Vantha comes to a stop at the one of the few intersections where people actually heed the streetlights.  I’m mentally shopping when a nicely appointment Toyota truck crew cab pulls up next to me with its NGO logo blazed on the side along with cartoon depictions of happy children with balloons.  The name of the organization is in capitol letters:  C.R.E.P.O.   Now I may be cynical, but I would be more than a little suspicious of a non profit for kids with CREPO for an acronym.   Then I am a little jealous.  How did they raise money for such a swanky truck with a name like that??

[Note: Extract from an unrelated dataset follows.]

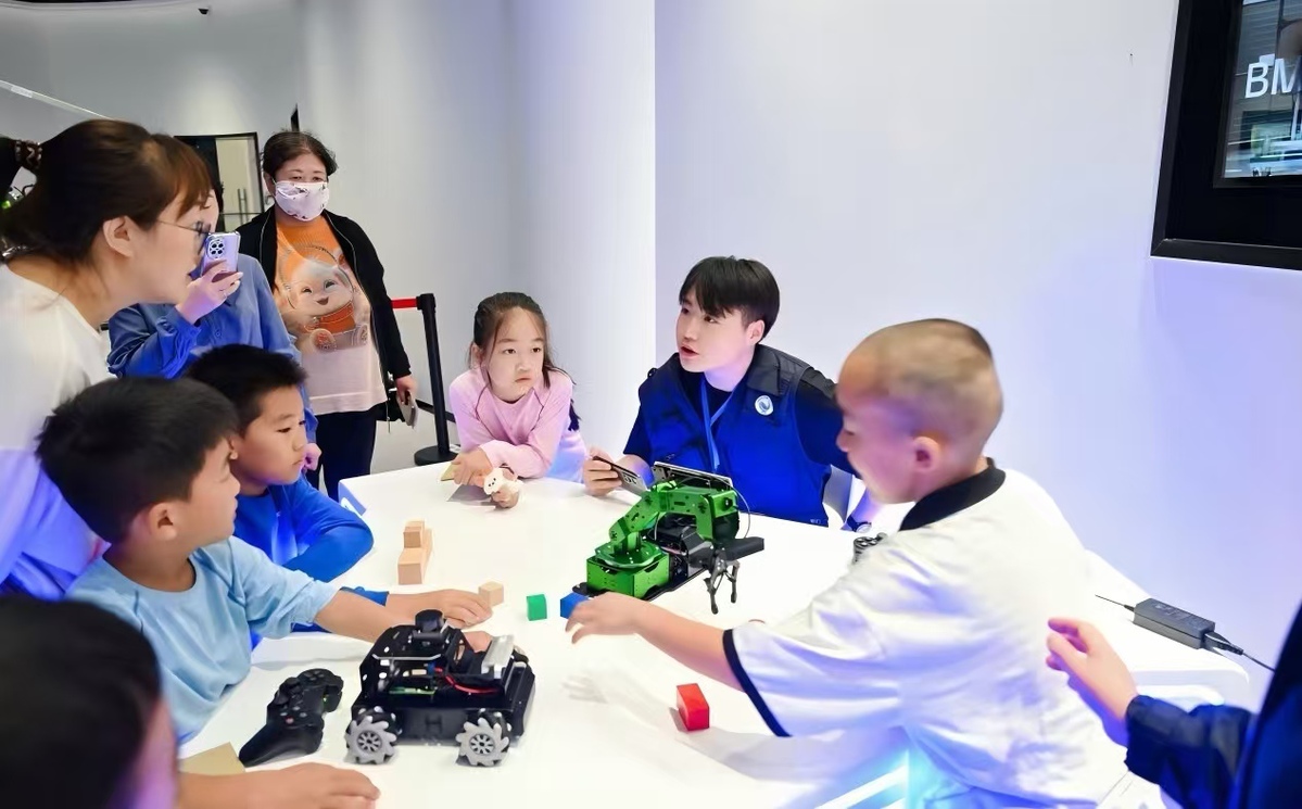 具身智能创意工坊充满动手实践氛围。“小小工程师”体验区,孩子专注拼装简易机械,通过图形化界面指挥机器人动作;操作区,孩子操控机器人互动。家长陪伴、成年人探索,众人在实践中感受智能技术,让“具身智能”变得可感知。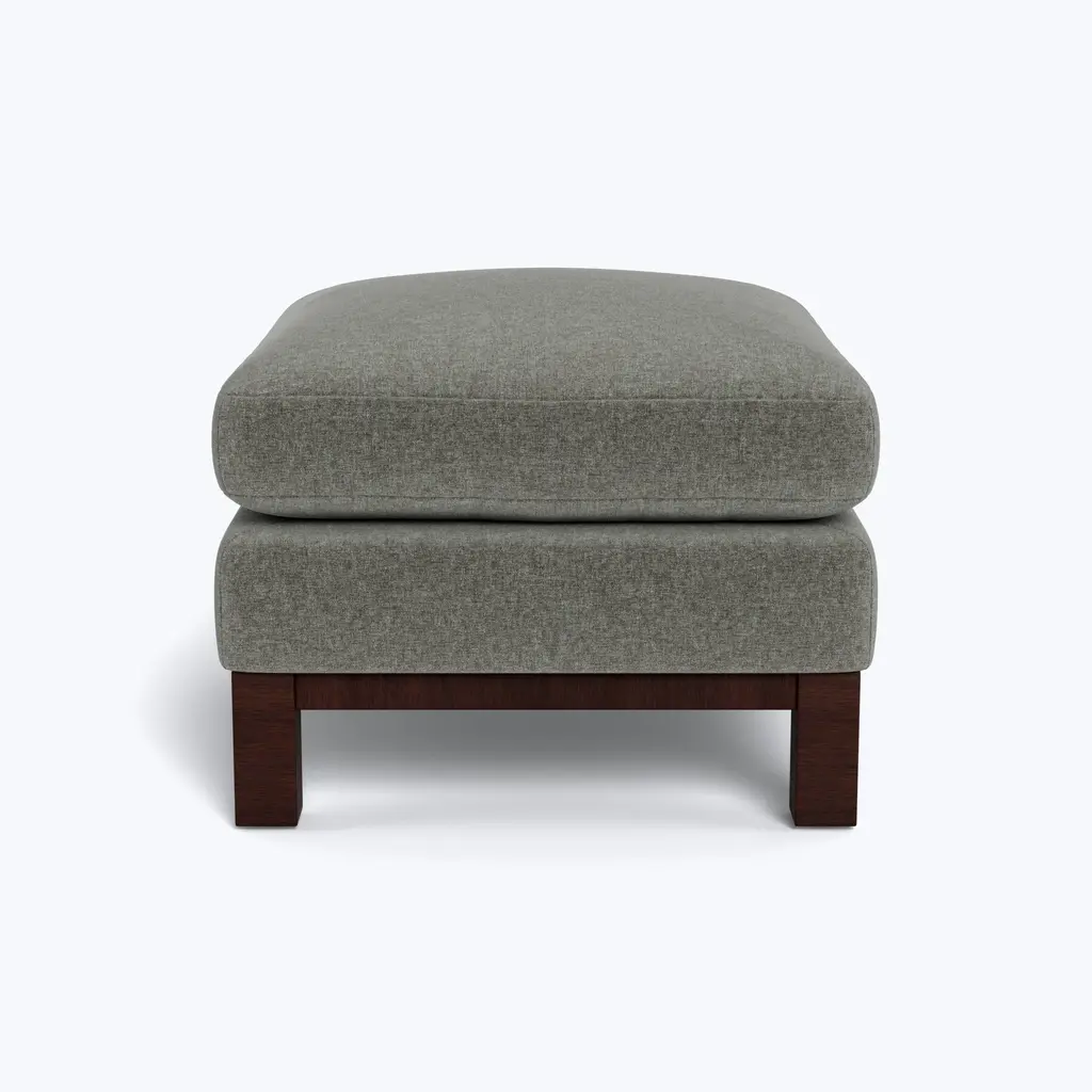 Infuse your home with the contemporary charm of the Prescott Ottoman, an exclusive offering from abc carpet & home. Available in a range of upholstered fabric options, this ottoman is designed to be a versatile addition to your home as it complements any modern interior. The Prescott Collection is distinguished by its blend-down cushions, a mix of dense foam and feather down that is carefully washed to meet hypoallergenic regulations. Crafted with a sustainably sourced Goodwood frame, this ottoman is not only aesthetically pleasing but also eco-conscious, offering peace of mind as you create lasting memories at home. Customize your Prescott Ottoman with Cobble Hill's wide range of color and fabric combinations, offering more than 80 options to suit your unique style and preferences. Whether it's the Crypton Performance Linen or Kelley Performance Velvet, rest assured that each option is durable and easy to clean. Simply select your dream color and fabric scheme, and your custom ottoman will be shipped to your home in 8-10 weeks. Measuring 27 inches in width, 17 inches in height, and 23 inches in depth, this ottoman provides ample space to be used as a footrest, extra seating, or part of a modular configuration of other pieces from the Prescott Collection. Proudly made in the USA, each piece in the Cobble Hill collection reflects a commitment to quality craftsmanship and ethical manufacturing practices. Maintaining the pristine condition of your ottoman is effortless with simple care instructions. Spot clean with mild detergent and vacuum frequently to keep it looking fresh. For a deeper clean, professional services are recommended. With seat cushions wrapped in a blend of 75% fiber and 25% feather/down, and back cushions featuring a fiber and feather blend encased in a channeled down-proof casing, rest assured, every detail of the Prescott Ottoman is designed with your comfort and satisfaction in mind. Create lasting memories at home with the Prescott Ottoman from Cobble Hill.

After a quick stop at Aziza’s to see my sweet Lina in karate class, I briefly speak with one of Aziza’s directors, Socheat, about taking Lina out for pizza Saturday.  I also ask him for advice on the truck and he also knows a guy, but I feel a LOT more confident and comfortable with his guy than with the Tuk Tuk crowd.    He promises to check out some leads for me and after giving Lina a quick kiss goodbye, I head over to the CCF school where my other 6 documentary kids:  Meng Ly, Leakhena; Layseng; Lyda, Nghan and Charam live.  Due to my delayed flight, I had not been able to see them when I first arrived and I’m anxious to get there.  Six years ago, ranging in age from 10-12, they were a farmer’s son; a girl abandoned by her parents in a pagoda, three Stung Meanchy children who picked garbage to survive and a street beggar.  Now all of them (except Lyda with her fused spine) are taller than me and talking about university.  They are survivors.  I am unbearably proud of all of them and I miss them dreadfully when I am in the States.

Within minutes of my arrival, they are already trying to negotiate my return.  Nghan has a calendar, Lyda a pencil and Leakhena muses over the upcoming months.  I try to point out I am sitting there right NOW but they are far too concerned with pinning me down to THEN.  I assure them I will be back in May and August but will not commit to specific dates.  They mark up the calendar and I know the next several months of emails from all of them will be a countdown until I return even though I haven’t  left yet.  Those pleasantries out of the way, Nhgan and Layseng extract one more promise that I will be picking them up Saturday to take them home to Stung Meanchy, the city garage dump where their families still live, for a visit.  Layseng has a new nephew and her mother has made ansom cake for my arrival.

Then the boys and I head outside for a little game of volleyball in the blazing Cambodian sun.  The boys complain about how hot it is. When Cambodians complain about the heat, white New England girls start to worry.

I know a 40 year old woman with heat stroke and cramped muscles in her future.

Perhaps another inappropriate massage will be in order.